> **What the task requires**
Please retype the records below exactly, from the first line through the line containing "火災に限らず,常に自然災害は", and leave out any pictures.

> **Data to use**
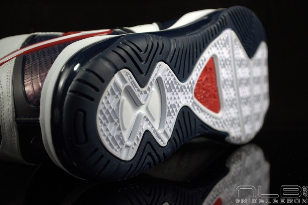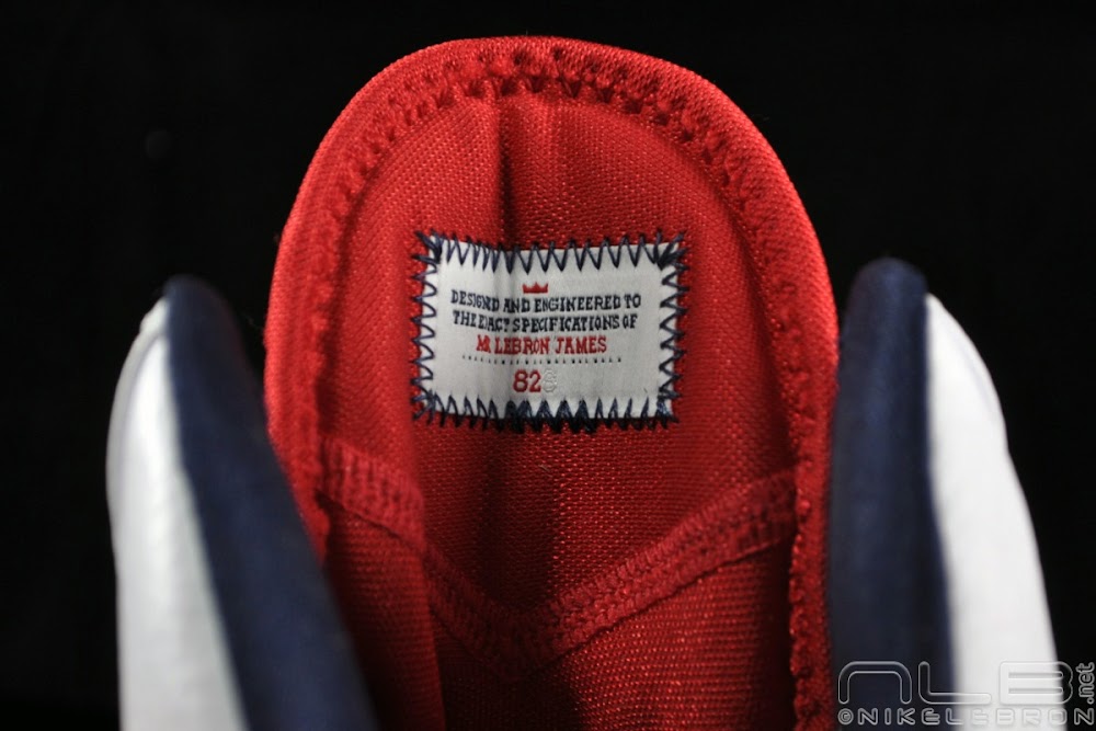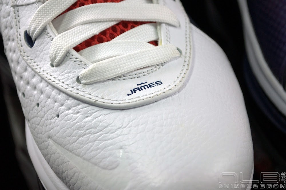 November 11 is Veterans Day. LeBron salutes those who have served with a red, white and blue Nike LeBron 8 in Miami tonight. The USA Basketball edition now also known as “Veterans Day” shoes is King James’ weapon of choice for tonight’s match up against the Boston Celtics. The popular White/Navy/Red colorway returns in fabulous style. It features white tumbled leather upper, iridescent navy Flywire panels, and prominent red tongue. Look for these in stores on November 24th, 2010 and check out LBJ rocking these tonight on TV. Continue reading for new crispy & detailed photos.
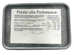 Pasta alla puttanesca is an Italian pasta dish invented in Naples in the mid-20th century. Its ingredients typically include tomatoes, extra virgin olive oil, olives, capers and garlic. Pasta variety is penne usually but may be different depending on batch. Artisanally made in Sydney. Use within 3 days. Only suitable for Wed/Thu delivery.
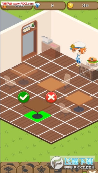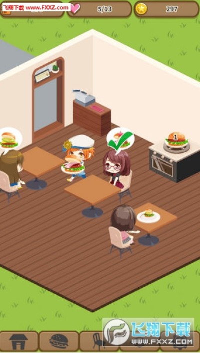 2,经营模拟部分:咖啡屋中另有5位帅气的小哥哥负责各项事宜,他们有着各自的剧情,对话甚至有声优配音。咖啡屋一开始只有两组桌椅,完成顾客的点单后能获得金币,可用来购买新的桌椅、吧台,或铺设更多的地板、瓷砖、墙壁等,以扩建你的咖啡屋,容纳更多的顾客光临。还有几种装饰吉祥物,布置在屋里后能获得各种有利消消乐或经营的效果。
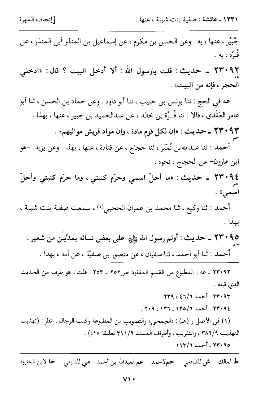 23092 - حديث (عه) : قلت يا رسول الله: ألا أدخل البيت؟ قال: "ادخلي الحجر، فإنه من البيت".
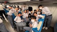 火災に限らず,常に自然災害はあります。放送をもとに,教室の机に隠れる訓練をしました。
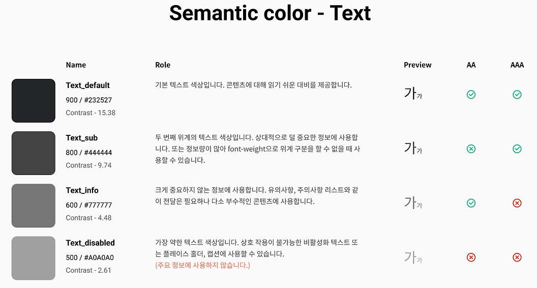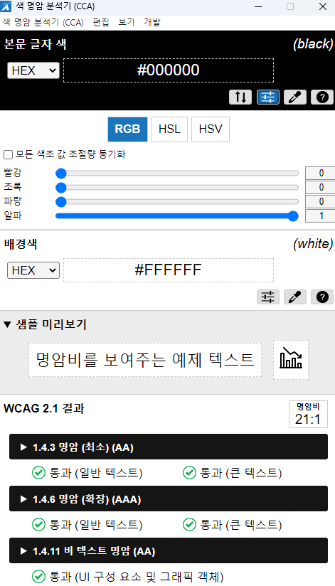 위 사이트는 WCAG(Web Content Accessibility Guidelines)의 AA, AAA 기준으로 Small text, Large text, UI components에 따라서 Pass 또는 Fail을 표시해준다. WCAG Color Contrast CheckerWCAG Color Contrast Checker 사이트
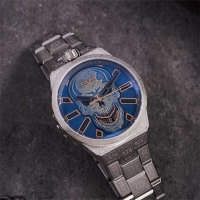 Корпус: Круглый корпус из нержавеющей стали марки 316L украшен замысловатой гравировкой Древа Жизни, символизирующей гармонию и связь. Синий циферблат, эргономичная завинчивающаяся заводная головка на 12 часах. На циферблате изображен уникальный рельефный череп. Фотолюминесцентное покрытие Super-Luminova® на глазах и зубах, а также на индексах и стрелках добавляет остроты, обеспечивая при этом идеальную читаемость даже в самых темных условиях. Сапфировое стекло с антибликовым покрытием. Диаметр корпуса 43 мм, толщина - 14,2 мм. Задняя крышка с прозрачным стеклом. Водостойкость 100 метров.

> **Exercise result**
 November 11 is Veterans Day. LeBron salutes those who have served with a red, white and blue Nike LeBron 8 in Miami tonight. The USA Basketball edition now also known as “Veterans Day” shoes is King James’ weapon of choice for tonight’s match up against the Boston Celtics. The popular White/Navy/Red colorway returns in fabulous style. It features white tumbled leather upper, iridescent navy Flywire panels, and prominent red tongue. Look for these in stores on November 24th, 2010 and check out LBJ rocking these tonight on TV. Continue reading for new crispy & detailed photos.
 Pasta alla puttanesca is an Italian pasta dish invented in Naples in the mid-20th century. Its ingredients typically include tomatoes, extra virgin olive oil, olives, capers and garlic. Pasta variety is penne usually but may be different depending on batch. Artisanally made in Sydney. Use within 3 days. Only suitable for Wed/Thu delivery.
 2,经营模拟部分:咖啡屋中另有5位帅气的小哥哥负责各项事宜,他们有着各自的剧情,对话甚至有声优配音。咖啡屋一开始只有两组桌椅,完成顾客的点单后能获得金币,可用来购买新的桌椅、吧台,或铺设更多的地板、瓷砖、墙壁等,以扩建你的咖啡屋,容纳更多的顾客光临。还有几种装饰吉祥物,布置在屋里后能获得各种有利消消乐或经营的效果。
 23092 - حديث (عه) : قلت يا رسول الله: ألا أدخل البيت؟ قال: "ادخلي الحجر، فإنه من البيت".
 火災に限らず,常に自然災害はあります。放送をもとに,教室の机に隠れる訓練をしました。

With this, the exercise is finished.